For centuries, sages have relied on yoga to transcend earthly limitations. Each meditative pose is an effort to identify pockets of pain that accumulate inside the body. Each inhale confronts suffering. Each exhale is an attempt to transcend it. Through this process, worry is replaced with loving-kindness.
Now, bodies of research are proving that yoga is more than a niche spiritual force for enlightened beings.
Yoga has the power to heal the world, one human at a time.
The Rise of Yoga
A system of poses, breathing exercises, and meditations that originated in ancient India to inspire physical, mental, and spiritual well-being first started to spread around the world as a form of exercise in the twentieth century.
For decades, in the US, yoga seemed to capture the interests of quirky, white city dwellers and affluent suburbanite moms, but over the last decade, it has expanded from the studio and can currently be found in public parks, hospitals, outpatient clinics, workspaces, elementary schools, military bases, rehab centers, and even airports.
In fact, the 2016 Yoga in America Study commissioned, by Yoga Journal and Yoga Alliance, estimated that more than 36 million people were practicing yoga in the US by 2015, compared to 20.4 million in 2012. A staggering 80 million people are likely to try yoga in 2016.
The Origins of Yoga
Yoga is first mentioned in the Bhagavad Gita, an ancient collection of Sanskrit poetry that is sacred to the Hindu religion, dating as far back as the second century BCE. Verse 48 of Chapter Two essentially describes yoga as a state of equilibrium.
In the series Introduction to Yoga Sutras, Nicolai Bachman references the authoritative text on yoga to explore what it means to live a yogi life.
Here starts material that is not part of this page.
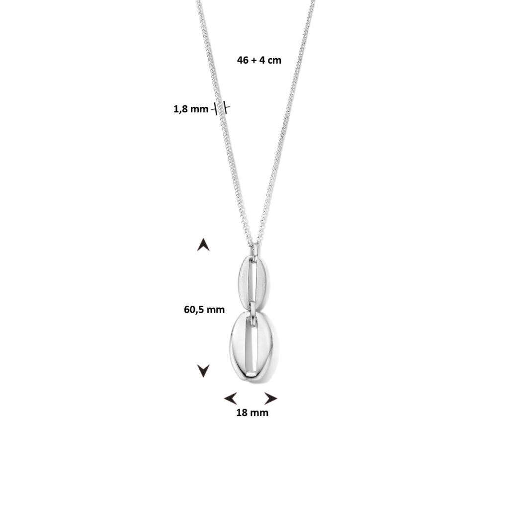 Gerhodineerd 925 zilveren collier uitgevoerd met een karabijn sluiting. Het collier heeft een draaglengte van 46cm met een extensie van 4cm. De schakelbreedte is 1.8mm.
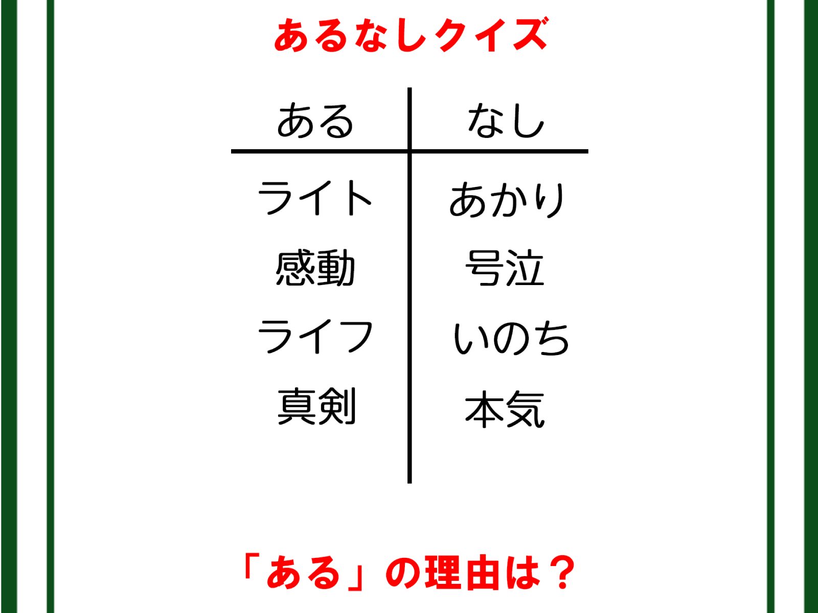 あるなしクイズです!「ライト・感動・ライフ・真剣にある」って、何がある?順番も大事です【難易度LV4.・辛口】

He teaches that yoga is a path to positive transformation. Through a dedicated yoga practice, one can root out negativity and plant loving kindness. Citing Sutra 1.2, “yoga-citta-vritti-nirodhah,” Bachman describes yoga as a powerful tool for calming the noise.
While the validity of ancient texts may invite skepticism, the first professional-level medical textbook on yoga was released in the US in 2016. In Chapter One, “Introduction to Yoga in Health Care,” licensed medical practitioners recognize the importance of developing habits that balance emotions and modify unhealthy thought-patterns and acknowledge that yoga can play an integral role in preventing disease.